In order to investigate whether or not ER status plays a role in breast cancer recurrence, Kerlikowske et al. evaluated biomarker expression and risk of local recurrence among 329 patients who underwent lumpectomy alone for DCIS between 1983 and 1994. With a median follow-up time of 8 years, their univariate analysis suggested that ER-negative status was associated with DCIS recurrence (RR = 1.7) [22]. In a study from Vienna published in 2004, Roka et al. analyzed 132 patients who were treated by breast conservation between 1978 and 2001. Rates of in-breast tumor recurrence were significantly higher in ER-negative disease compared to ER-positive disease (12.2 vs. 3.7 %, p < 0.04) [23]. Newer studies will need to be performed in our current era of more homogeneous treatment strategies and pathological evaluation of DCIS to further elucidate the prognostic value of ER status.

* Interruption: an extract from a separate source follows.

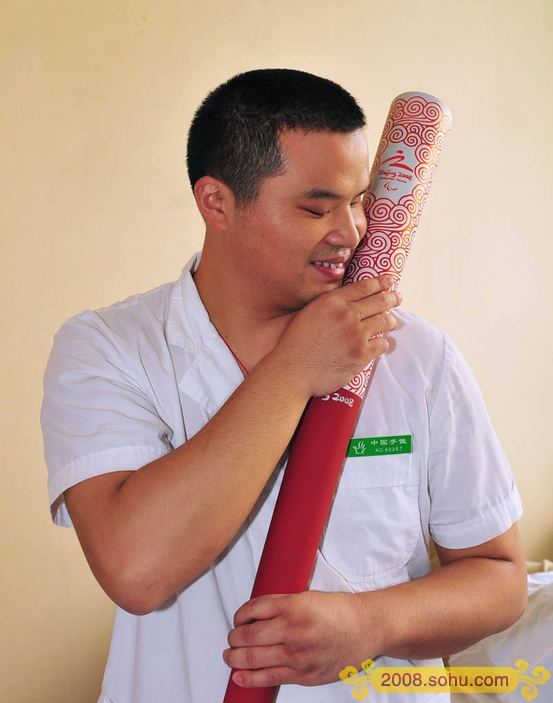 南京市殘疾人中醫(yī)康復(fù)服務(wù)中心的一名盲人醫(yī)生輕撫北京殘奧會(huì)火炬

Her2/neu Gene (erbB2 Oncogene)
Her2/neu amplification status is routinely assessed in invasive breast cancer as a predictor of responsiveness to both standard chemotherapy and targeted monoclonal antibody therapy. In addition to the steroid hormone receptors, the Her2/neu gene is one of the most thoroughly investigated biomarkers in the study of DCIS. It is a member of the epidermal growth factor receptor (EGFR) family and Her2/neu has the strongest tyrosine kinase activity of all EGFRs. Activation of Her2/neu leads to an increased rate of cell survival, cell proliferation, and tumorigenesis [24].

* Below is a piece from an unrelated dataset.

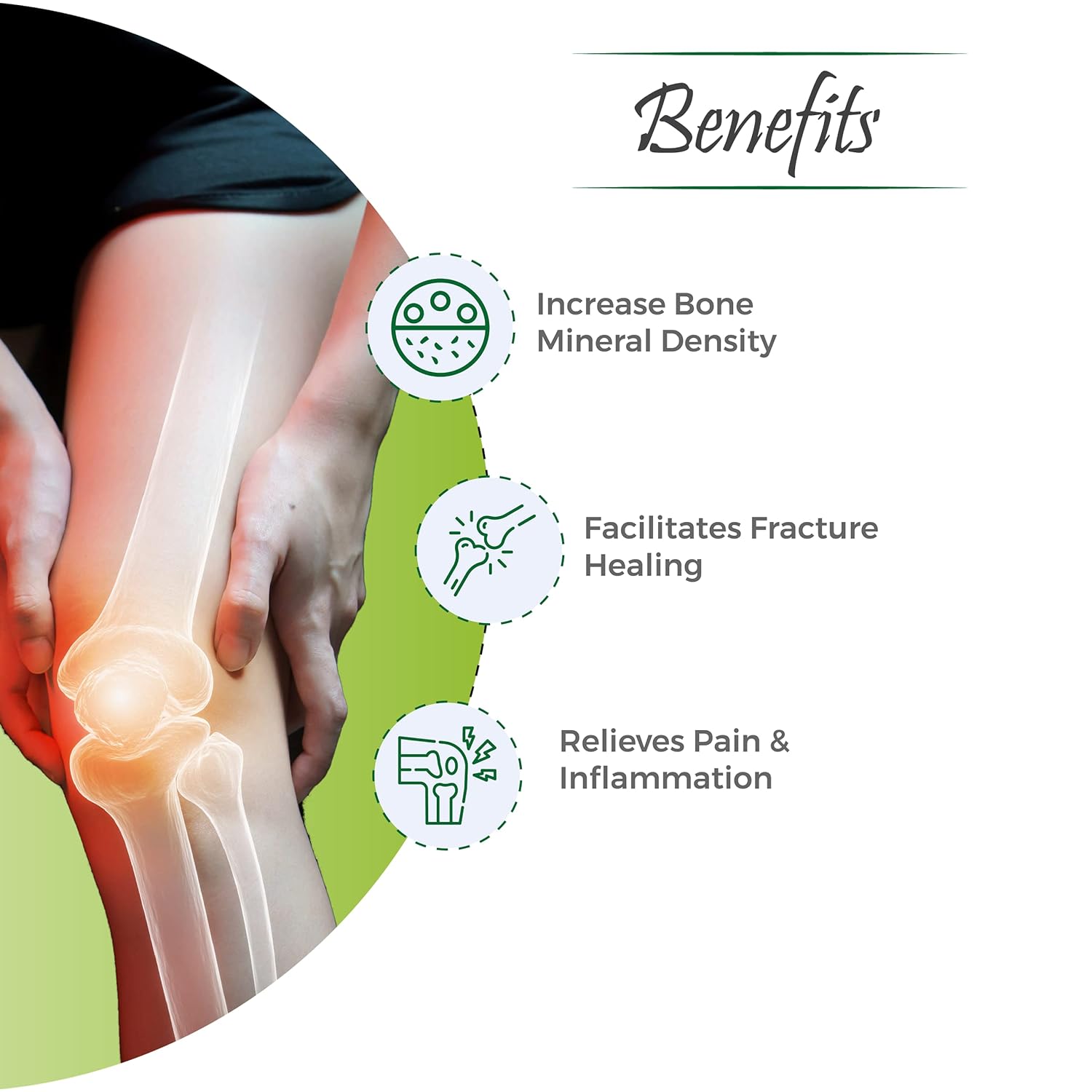 Its main content is hadjod (cissus quadrangularis). Hadjod helps activate the osteoblast cells in the bones, which helps increase calcium uptake

Her2 overexpression has been shown to be associated with increased cell motility and has been localized to portions of the cell membrane actively engaged in cell migration [25]. It is thought that this increase in cell motility could increase the extent of DCIS within the breast. DePotter et al. demonstrated a statistically significant relationship between Her2 overexpression and extent of DCIS. This group showed that 67 % of Her2-negative DCIS spanned less than 1 cm, whereas only 17 % of Her2-positive DCIS were this small [25]. Her2/neu overexpression has also been consistently associated with higher grade DCIS [26] and is amplified more frequently in DCIS than in invasive disease [27–29]. Wei et al. reported a 64.3 % rate of Her2 overexpression in pure DCIS, compared to only 42.5 % in invasive disease [29]. This emphasizes the importance of determining the prognostic capabilities of Her2 status in women with DCIS.

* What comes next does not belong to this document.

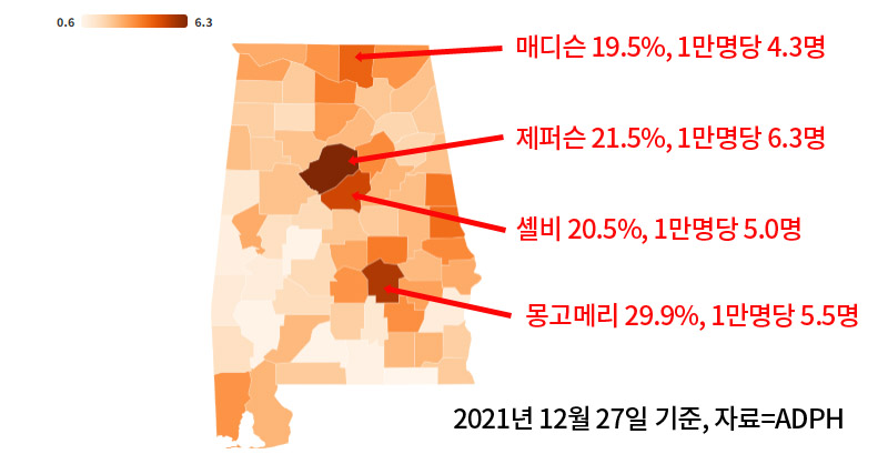 이 외에도 몽고메리, 셸비, 매디슨 카운티가 1인당 감염사례수에서 제퍼슨에 이어 2,3,4위를 차지하고 있다.

Multiple studies have investigated the local recurrence rates in Her2-positive DCIS. Holmes et al. analyzed 141 patients who underwent lumpectomy alone for DCIS between 1983 and 2002. With a median follow-up of 10 years, 60 recurrences were noted (42.6 %). Through multivariate analysis, Her2 positivity was the only pathological characteristic that was statistically significantly associated with disease recurrence (p = 0.28) [30]. Kerlikowske et al. also showed on univariate analysis that Her2 positivity was associated with DCIS ipsilateral recurrence (HR = 2.0) [22].